I found my tenor this way with my old studio partner. We plumped for the same horn , head and shoulders above the others. Tried about 8 at Howarth.
This may sound a bit daft - or perhaps not - but the only opinion that matters is mine. If it feels right and sounds right to me then it's right. If no one else agrees then they're clearly wrong.
When I first started looking for a new/replacement tenor I had a list of horns in my price range that I thought would do the job ... and hated them all. Yamahas, Yanis and Selmers felt horribly wrong in my hands. Only the Raw felt and sounded remotely acceptable but to be honest it was less a horn I liked and more a horn I didn't hate.
So I started looking further afield; as well as classic horns (the only two renowned models I didn't get the chance to try were a Conn 10m and a MkVI) I also tried other modern manufacturers such as Eastman (I thought their £3,000 52nd Street was on par with a £900 Trevor James SR but with sticky rolled tone holes), Mauriat (who I thought were actually quite good) and, eventually, the Keilwerth MKX that I instantly fell in love with.
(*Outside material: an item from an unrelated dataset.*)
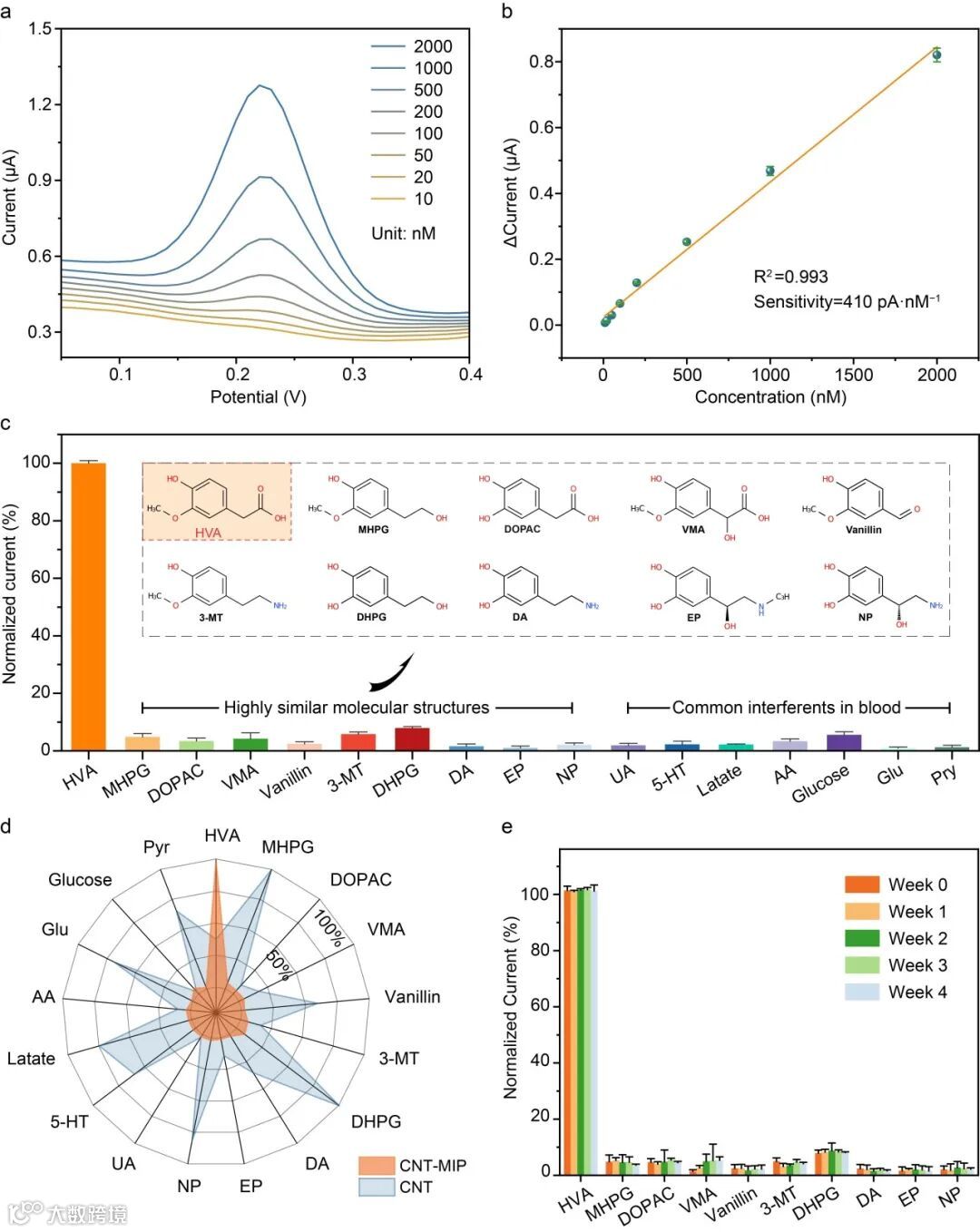 实现体内HVA实时监测的主要挑战在于血液中存在大量活性物质,尤其是HVA同类的儿茶酚胺及其代谢物,它们的分子结构与HVA非常相似,甚至只有一个官能团的差别。因此很难将它们与HVA区分开来,实现对血液HVA的准确监测。虽然目前临床上可通过高效液相色谱法或酶联免疫吸附法(ELISA)来检测血液中的HVA,但受限于采血频率和数量,以及需要在实验室对采集的样本进行长时间分析,实时监测HVA仍具有挑战性。因此,目前还没有方法可以实时监测血液HVA。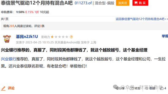 有基民表示,兴业银行推荐的,真坑人!跌了30%,不知什么时候能解套!以后坚决不买基,不会再信了!有基民回帖表示,又快一年了,还在亏。有基民甚至表示,兴业银行推荐的,真服了,同时段其他都赚钱了,就这个越放越亏,这个基金经理和公司,一生拉黑。还兴业泰信联名款呢,有老鼠仓吧!举报他们!

I went through the whole process again a couple of months later because I didn't really want to spend well over three grand on 'just' an instrument. Unfortunately all that happened was that I confirmed what I already knew - there was only one sax for me.
Luckily 18 months later a second-hand one appeared for sale (the first, and last, one I'd seen). Even better, it was going for a fraction of the price of a new one. So much so that I thought it may have been stolen (it wasn't).
And I still love it. I seem to be in a very small minority (to say the least
) but it is the best sax out there as far as I'm concerned.
Easy way to avoid that: don't try any horns more than 10% or so out of your budget.
Where would the fun in that be?
In all seriousness, it has to be a pleasure to play. Bizarrely the action on the Selmer is still superb - absolutely no play at all. It's only the intonation that's a problem. Whatever I get to replace it needs to feel just as solid and precise under the fingers but with vastly superior intonation.
Seems to me (correct me if I am wrong) you play more Tenor than Alto anyway, right (?)
That's only really because the Model 26 is so challenging to play. In the R&B band it's about 66% tenor / 33% alto although it's slowly edging towards parity. Again, I'm favouring the tenor as much because of practicality as suitability for the song.
FWIW - and you probably know this - those old Selmer models DO have some market value...there is a subset of folks who want 'em...
I don't think I could ever sell it. Apart from it being a more than acceptable back-up, it's quite special to me on its own right.